Suffolk County Community College plans to freeze tuition at $5,470 for county residents who attend full time, even with declining revenues because of enrollment drops and higher costs from a return to on-campus learning, college officials Wednesday.
The freeze, the second in two years, comes as the college expects a 5.4% drop in full-time enrollment next year, officials told a Suffolk legislative committee Wednesday.
Full-time enrollment has declined by about 30% since 2010, according to the Suffolk County Legislature’s Budget Review Office.
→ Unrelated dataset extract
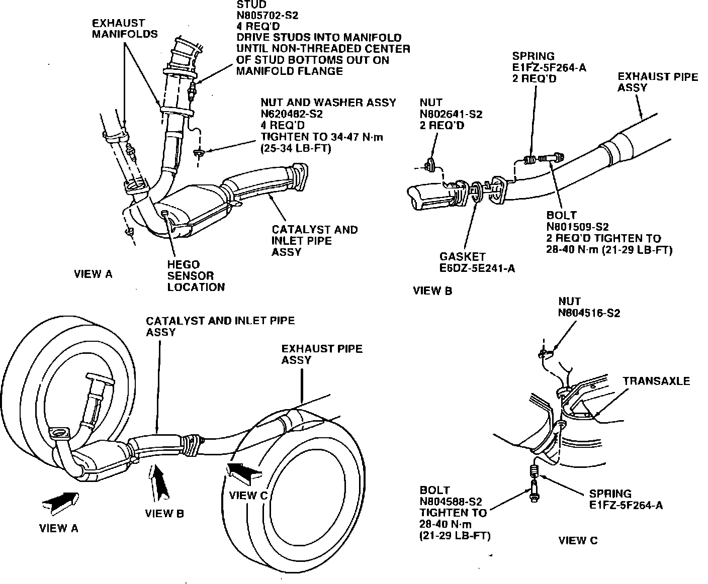 3. Remove front and rear catalytic converter flange fasteners and bolt and spring attachment at transaxle.

Full-time enrollment has declined as more students have chosen to attend school part-time or to attend four-year colleges, college officials said.
Also, costs could rise next year because of contractual staff raises and an increase in the number of in-person classes, from 10% of classes this year to 50%, officials told legislators.
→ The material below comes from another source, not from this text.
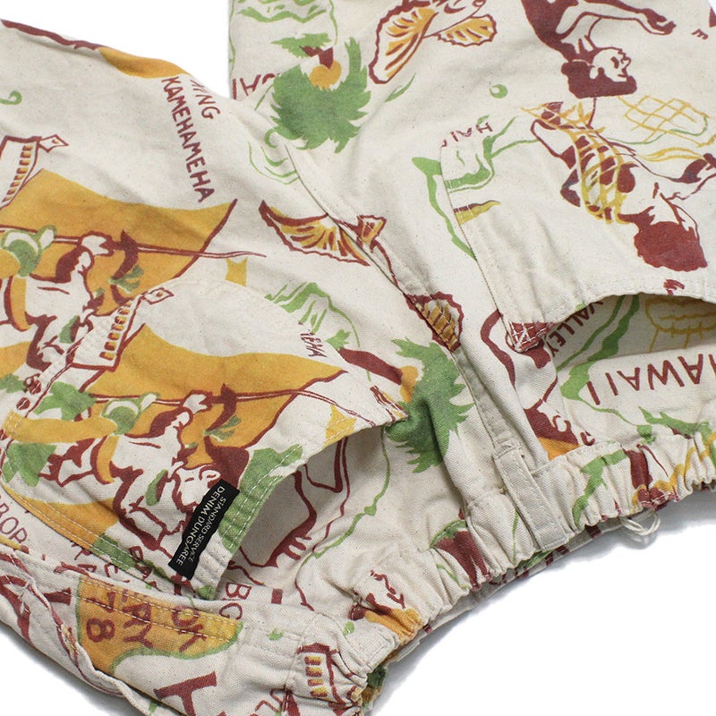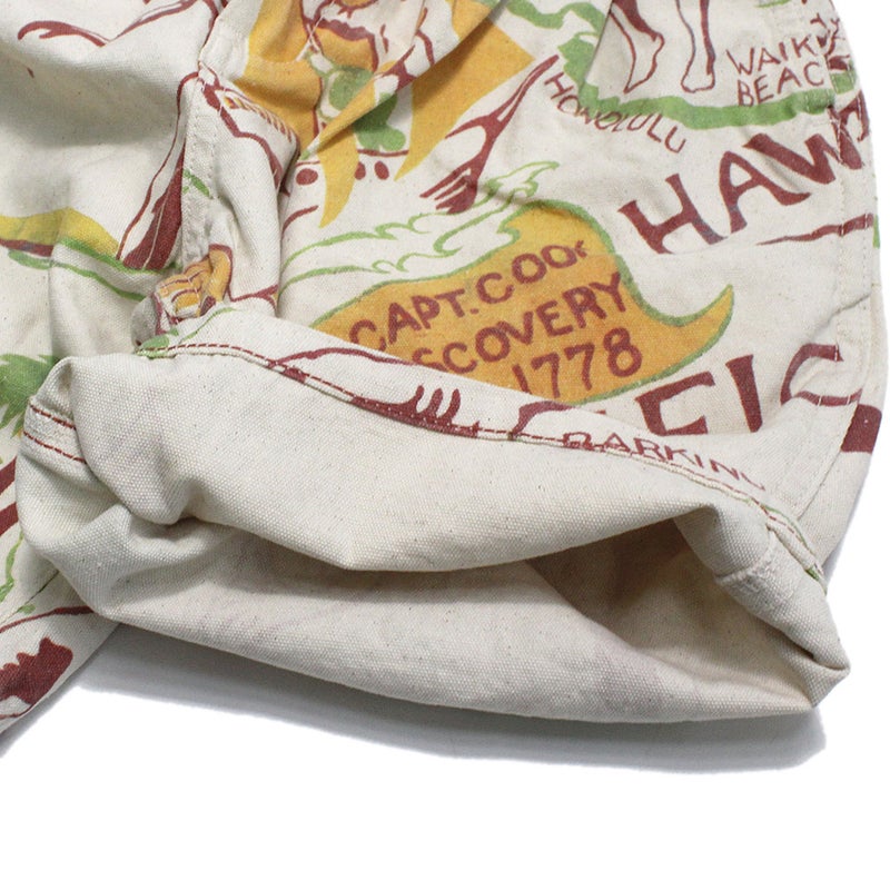 1950年代のハワイの地図をパネル柄にしたワイドシルエットのショートパンツ。

If social distancing is required, the college could have to spend more on staffing and cleaning, officials said.
The college board of trustees has approved a $212.2 million operating budget for 2021-2020, compared with $199 million in spending this year, officials said.
Because of expected lower enrollment and higher operating costs, the college is seeking $46.12 million in county funding, an increase of 3%, or $1.3 million, documents show.
"One of the primary reasons why we're asking for the additional support is to really help us to shore [up] our efforts in retaining students and also getting the students," said Mark Harris, the college’s vice president of business and financial affairs.
But Suffolk County Executive Steve Bellone’s office is recommending the county increase its contribution by 1.5%, or $671,691.
Spokesman Derek Poppe cited a 2017 report by a committee of Bellone administration officials, the legislature and SCCC that recommended the county raise its contribution by 1.5% a year for five years.
A larger county contribution would be "unsustainable," the report said.
Poppe also said the college received a 3% increase in county funding for 2019-2020.
College officials noted the county’s contribution stayed flat in 2020-2021 as Suffolk struggled with fiscal issues caused by the coronavirus pandemic.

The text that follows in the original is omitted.